#### [Task directions]
With the images removed, write out every line below exactly.

#### [Recorded data]
....................
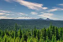 Diamond Peak forms part of the central arc of the Cascade Volcanoes,[20] and it joins several other volcanoes in the eastern segment of the Cascade Range known as the High Cascades.[21] Formed towards the end of the Pleistocene epoch, these mountains are underlain by more ancient volcanoes that subsided due to parallel north–south faulting in the surrounding region.[22] The High Cascades consist mostly of Pleistocene volcanoes constructed on top of upper Cenozoic lava flows and volcanic vents (produced within the last 15 million years), with compositions varying from homogenous, mafic lava flows (rich in magnesium and iron) and pyroclastic rocks to lava more enriched with basalt and rhyodacite.[21]
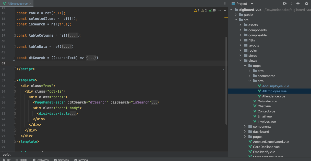 In the digiboard we are used Composition API. The primary advantage of Composition API is that it enables clean, efficient logic reuse in the form of Composable functions.
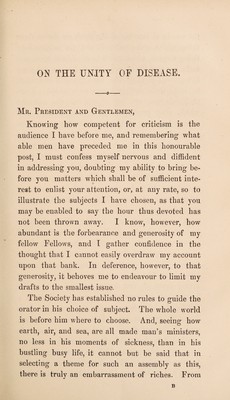 Credit: On the unity of disease : being the annual oration delivered before the Medical Society of London, in commemoration of its ninety-third anniversary, March 8, 1866 / by Weeden Cooke. Source: Wellcome Collection.
....................
#### [Exercise output]
 Diamond Peak forms part of the central arc of the Cascade Volcanoes,[20] and it joins several other volcanoes in the eastern segment of the Cascade Range known as the High Cascades.[21] Formed towards the end of the Pleistocene epoch, these mountains are underlain by more ancient volcanoes that subsided due to parallel north–south faulting in the surrounding region.[22] The High Cascades consist mostly of Pleistocene volcanoes constructed on top of upper Cenozoic lava flows and volcanic vents (produced within the last 15 million years), with compositions varying from homogenous, mafic lava flows (rich in magnesium and iron) and pyroclastic rocks to lava more enriched with basalt and rhyodacite.[21]
 In the digiboard we are used Composition API. The primary advantage of Composition API is that it enables clean, efficient logic reuse in the form of Composable functions.
 Credit: On the unity of disease : being the annual oration delivered before the Medical Society of London, in commemoration of its ninety-third anniversary, March 8, 1866 / by Weeden Cooke. Source: Wellcome Collection.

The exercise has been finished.